● **Source data**:
==========

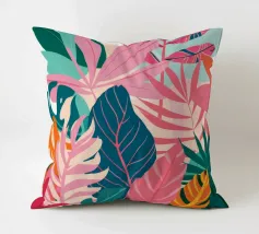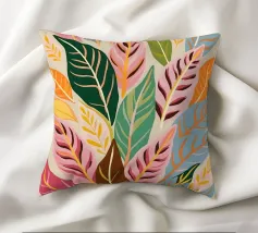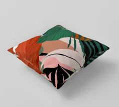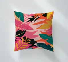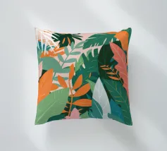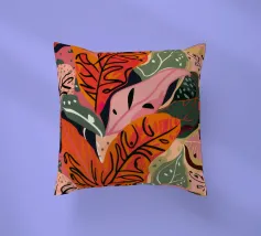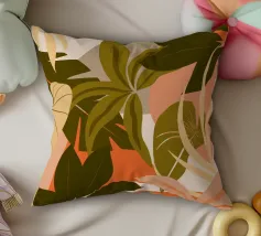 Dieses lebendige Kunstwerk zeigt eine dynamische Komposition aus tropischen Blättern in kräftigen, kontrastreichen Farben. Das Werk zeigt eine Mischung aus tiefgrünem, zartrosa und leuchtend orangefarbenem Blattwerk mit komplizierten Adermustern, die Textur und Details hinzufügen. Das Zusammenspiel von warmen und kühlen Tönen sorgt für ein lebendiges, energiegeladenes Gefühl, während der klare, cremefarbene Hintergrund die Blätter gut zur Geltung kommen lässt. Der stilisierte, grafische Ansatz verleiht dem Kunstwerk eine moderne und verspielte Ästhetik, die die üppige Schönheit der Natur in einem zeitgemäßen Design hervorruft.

==========

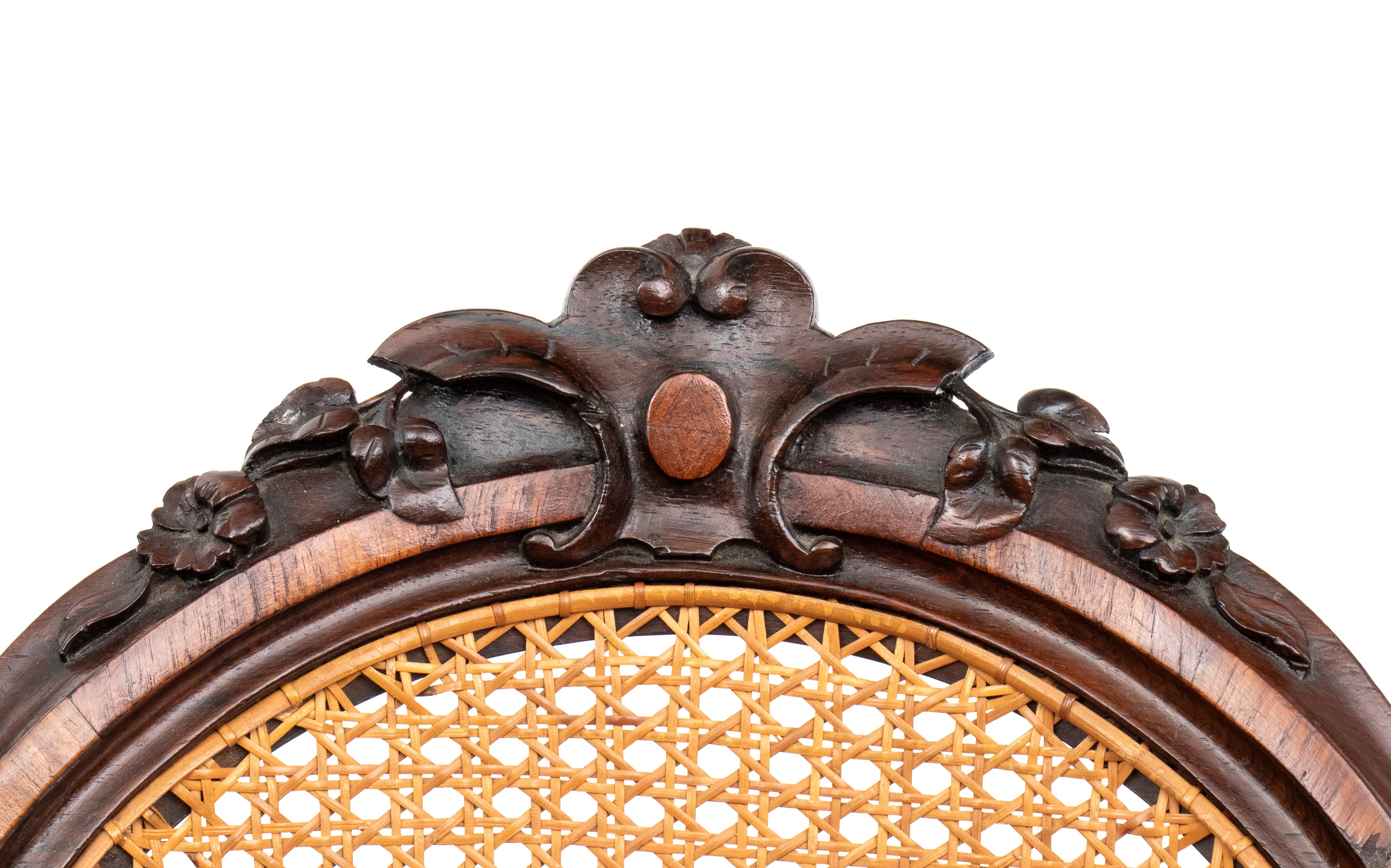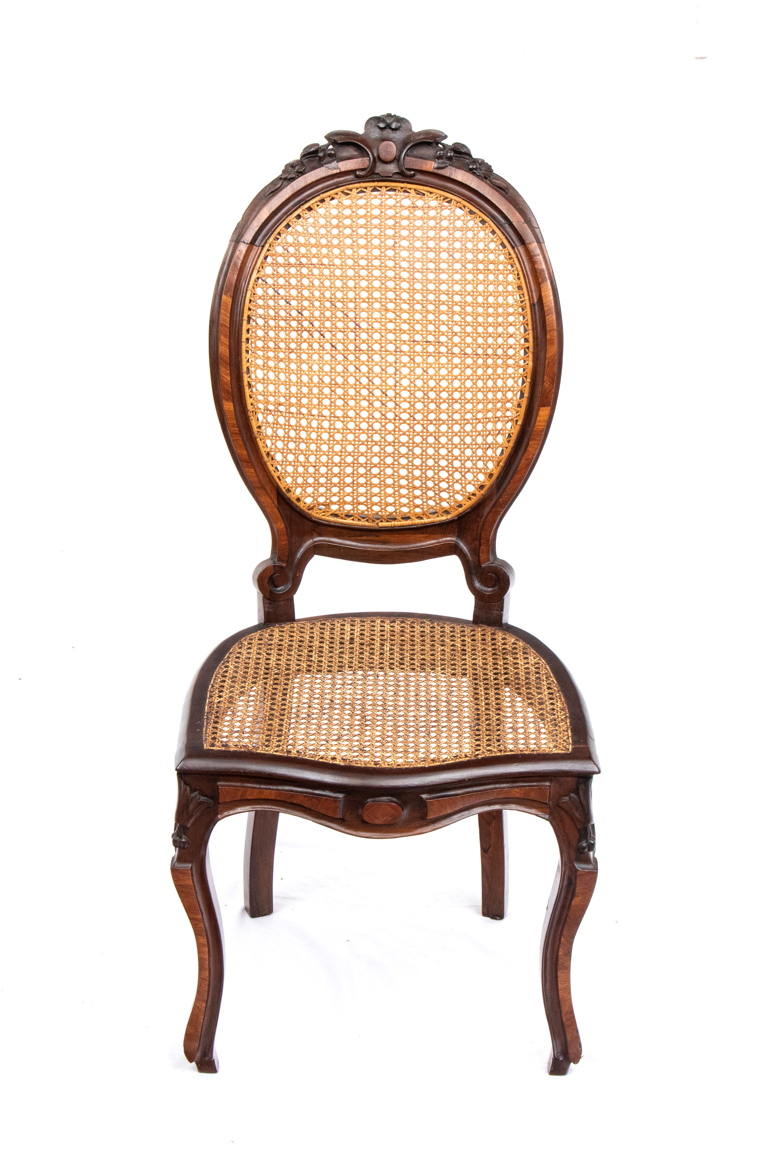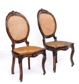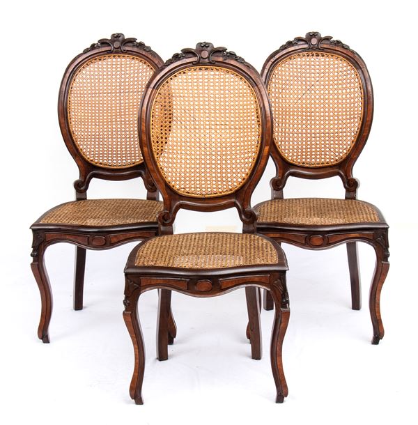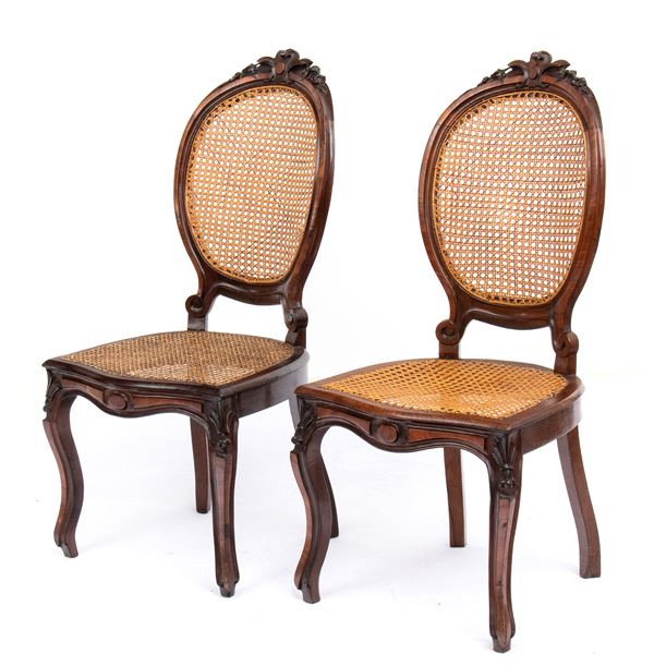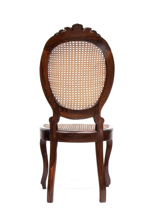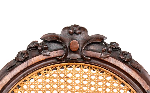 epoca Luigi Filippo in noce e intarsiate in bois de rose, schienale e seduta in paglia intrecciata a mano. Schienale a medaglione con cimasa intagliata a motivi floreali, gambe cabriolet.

==========

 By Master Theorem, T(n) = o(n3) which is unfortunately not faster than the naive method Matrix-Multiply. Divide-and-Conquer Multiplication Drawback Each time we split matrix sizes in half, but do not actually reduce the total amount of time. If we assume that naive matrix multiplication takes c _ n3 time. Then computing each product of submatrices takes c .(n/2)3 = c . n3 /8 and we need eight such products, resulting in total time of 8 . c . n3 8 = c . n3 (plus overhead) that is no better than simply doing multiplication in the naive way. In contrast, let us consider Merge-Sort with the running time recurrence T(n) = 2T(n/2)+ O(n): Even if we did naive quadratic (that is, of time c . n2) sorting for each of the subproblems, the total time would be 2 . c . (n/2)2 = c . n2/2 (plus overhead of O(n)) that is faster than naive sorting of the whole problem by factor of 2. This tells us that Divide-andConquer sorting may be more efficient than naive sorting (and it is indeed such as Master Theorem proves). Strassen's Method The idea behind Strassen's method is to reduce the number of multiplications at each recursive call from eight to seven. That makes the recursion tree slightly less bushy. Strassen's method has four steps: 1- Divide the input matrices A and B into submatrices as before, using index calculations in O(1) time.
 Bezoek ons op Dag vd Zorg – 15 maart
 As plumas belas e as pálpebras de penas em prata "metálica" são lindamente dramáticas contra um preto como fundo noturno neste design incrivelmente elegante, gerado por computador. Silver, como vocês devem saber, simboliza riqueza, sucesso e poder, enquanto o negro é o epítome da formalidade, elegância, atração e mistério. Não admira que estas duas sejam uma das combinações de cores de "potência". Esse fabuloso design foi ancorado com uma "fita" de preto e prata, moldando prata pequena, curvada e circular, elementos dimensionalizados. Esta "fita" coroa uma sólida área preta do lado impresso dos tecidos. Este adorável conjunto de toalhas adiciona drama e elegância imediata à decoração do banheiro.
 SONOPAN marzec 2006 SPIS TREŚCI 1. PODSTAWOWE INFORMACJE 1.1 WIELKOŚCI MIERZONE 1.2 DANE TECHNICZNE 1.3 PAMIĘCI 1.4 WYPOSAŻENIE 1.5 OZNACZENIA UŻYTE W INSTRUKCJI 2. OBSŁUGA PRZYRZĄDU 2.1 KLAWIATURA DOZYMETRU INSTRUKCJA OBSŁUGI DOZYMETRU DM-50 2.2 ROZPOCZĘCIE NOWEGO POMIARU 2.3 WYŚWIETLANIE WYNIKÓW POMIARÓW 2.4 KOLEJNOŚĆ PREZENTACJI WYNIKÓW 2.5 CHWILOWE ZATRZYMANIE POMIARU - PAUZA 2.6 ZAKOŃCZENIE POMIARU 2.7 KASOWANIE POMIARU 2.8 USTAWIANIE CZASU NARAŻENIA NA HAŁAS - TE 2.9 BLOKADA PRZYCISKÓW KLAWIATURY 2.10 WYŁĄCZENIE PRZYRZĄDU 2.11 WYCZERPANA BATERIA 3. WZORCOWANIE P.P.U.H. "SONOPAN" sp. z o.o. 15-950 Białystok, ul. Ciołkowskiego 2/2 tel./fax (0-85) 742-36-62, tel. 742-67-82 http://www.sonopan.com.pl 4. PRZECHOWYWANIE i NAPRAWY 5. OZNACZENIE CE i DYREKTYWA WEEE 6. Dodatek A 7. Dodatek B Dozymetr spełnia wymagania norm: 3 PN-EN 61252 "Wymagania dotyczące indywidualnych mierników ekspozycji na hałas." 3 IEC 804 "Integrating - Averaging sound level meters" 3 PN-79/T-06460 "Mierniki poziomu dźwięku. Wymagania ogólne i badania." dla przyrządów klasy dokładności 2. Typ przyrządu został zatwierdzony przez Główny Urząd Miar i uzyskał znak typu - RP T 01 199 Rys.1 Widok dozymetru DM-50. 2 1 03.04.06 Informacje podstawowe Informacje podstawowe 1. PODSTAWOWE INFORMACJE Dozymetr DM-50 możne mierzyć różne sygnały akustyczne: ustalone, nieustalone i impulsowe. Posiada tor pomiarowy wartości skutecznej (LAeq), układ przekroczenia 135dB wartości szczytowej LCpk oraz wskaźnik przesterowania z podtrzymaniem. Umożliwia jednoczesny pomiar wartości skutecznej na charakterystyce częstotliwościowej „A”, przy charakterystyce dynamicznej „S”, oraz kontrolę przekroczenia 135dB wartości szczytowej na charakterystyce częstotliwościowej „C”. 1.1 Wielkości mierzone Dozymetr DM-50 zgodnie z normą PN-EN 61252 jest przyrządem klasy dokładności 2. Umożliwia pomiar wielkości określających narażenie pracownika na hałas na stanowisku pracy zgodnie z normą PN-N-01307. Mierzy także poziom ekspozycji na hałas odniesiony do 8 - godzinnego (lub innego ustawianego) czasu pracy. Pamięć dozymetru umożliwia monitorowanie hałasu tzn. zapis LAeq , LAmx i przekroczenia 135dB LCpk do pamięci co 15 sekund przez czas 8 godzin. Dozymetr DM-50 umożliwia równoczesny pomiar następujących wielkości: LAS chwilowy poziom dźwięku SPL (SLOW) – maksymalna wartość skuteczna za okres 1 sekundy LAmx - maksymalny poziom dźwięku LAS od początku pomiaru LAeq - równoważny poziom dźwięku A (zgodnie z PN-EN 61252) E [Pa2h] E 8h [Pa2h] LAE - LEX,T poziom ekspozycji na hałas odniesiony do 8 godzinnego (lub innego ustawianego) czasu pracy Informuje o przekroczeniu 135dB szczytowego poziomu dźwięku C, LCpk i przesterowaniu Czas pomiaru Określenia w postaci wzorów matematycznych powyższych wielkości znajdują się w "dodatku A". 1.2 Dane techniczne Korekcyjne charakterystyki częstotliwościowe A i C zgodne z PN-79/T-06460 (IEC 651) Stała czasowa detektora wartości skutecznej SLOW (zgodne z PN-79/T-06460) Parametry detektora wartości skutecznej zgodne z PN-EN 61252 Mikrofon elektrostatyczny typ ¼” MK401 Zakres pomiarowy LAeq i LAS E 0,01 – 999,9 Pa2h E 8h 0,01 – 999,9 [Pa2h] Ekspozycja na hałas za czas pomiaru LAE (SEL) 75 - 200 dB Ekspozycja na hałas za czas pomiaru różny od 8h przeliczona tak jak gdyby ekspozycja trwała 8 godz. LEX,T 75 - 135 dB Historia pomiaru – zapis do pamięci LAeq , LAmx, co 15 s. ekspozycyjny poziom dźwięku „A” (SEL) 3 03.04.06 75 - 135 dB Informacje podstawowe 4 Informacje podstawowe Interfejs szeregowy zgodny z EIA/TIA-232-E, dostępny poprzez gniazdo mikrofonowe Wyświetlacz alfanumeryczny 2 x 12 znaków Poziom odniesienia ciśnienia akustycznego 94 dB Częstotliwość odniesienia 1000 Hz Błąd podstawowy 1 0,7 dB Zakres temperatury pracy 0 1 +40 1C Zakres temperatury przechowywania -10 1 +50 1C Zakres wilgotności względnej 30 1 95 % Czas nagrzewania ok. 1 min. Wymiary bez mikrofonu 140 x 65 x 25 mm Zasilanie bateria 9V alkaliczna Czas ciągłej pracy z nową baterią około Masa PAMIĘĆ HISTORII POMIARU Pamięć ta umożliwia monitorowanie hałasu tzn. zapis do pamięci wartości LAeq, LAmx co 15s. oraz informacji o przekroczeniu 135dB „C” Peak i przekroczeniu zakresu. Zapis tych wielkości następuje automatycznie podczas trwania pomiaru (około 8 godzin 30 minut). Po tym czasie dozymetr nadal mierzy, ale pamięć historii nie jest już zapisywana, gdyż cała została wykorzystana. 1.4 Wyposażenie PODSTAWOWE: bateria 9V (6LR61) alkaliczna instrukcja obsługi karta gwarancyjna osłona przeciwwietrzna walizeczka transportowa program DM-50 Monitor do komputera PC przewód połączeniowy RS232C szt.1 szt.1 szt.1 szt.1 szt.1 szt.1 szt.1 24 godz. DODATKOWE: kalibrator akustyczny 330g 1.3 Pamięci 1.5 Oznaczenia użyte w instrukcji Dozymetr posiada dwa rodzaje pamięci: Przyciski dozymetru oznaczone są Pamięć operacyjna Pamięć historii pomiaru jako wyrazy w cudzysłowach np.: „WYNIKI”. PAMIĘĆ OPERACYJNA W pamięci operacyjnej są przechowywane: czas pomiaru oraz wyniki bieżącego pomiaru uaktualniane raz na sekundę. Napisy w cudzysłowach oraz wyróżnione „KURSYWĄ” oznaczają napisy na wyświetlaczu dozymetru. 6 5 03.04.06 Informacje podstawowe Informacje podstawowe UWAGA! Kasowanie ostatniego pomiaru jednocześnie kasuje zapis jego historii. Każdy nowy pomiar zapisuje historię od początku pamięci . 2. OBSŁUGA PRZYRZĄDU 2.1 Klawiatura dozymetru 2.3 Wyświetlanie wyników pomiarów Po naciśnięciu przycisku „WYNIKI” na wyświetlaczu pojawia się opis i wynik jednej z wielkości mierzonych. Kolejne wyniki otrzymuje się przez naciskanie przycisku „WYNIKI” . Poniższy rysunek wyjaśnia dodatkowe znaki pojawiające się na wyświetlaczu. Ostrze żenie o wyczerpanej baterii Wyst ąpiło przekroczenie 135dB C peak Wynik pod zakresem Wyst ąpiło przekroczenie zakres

==========

● **Task to carry out**:
Within the listing above, locate the line containing "Bezoek ons op Dag vd Zorg – 15 maart" and the line containing "As plumas belas". Reproduce those two lines and all lines between them exactly, with nothing added.

● **Response for this exercise**:
 Bezoek ons op Dag vd Zorg – 15 maart
 As plumas belas e as pálpebras de penas em prata "metálica" são lindamente dramáticas contra um preto como fundo noturno neste design incrivelmente elegante, gerado por computador. Silver, como vocês devem saber, simboliza riqueza, sucesso e poder, enquanto o negro é o epítome da formalidade, elegância, atração e mistério. Não admira que estas duas sejam uma das combinações de cores de "potência". Esse fabuloso design foi ancorado com uma "fita" de preto e prata, moldando prata pequena, curvada e circular, elementos dimensionalizados. Esta "fita" coroa uma sólida área preta do lado impresso dos tecidos. Este adorável conjunto de toalhas adiciona drama e elegância imediata à decoração do banheiro.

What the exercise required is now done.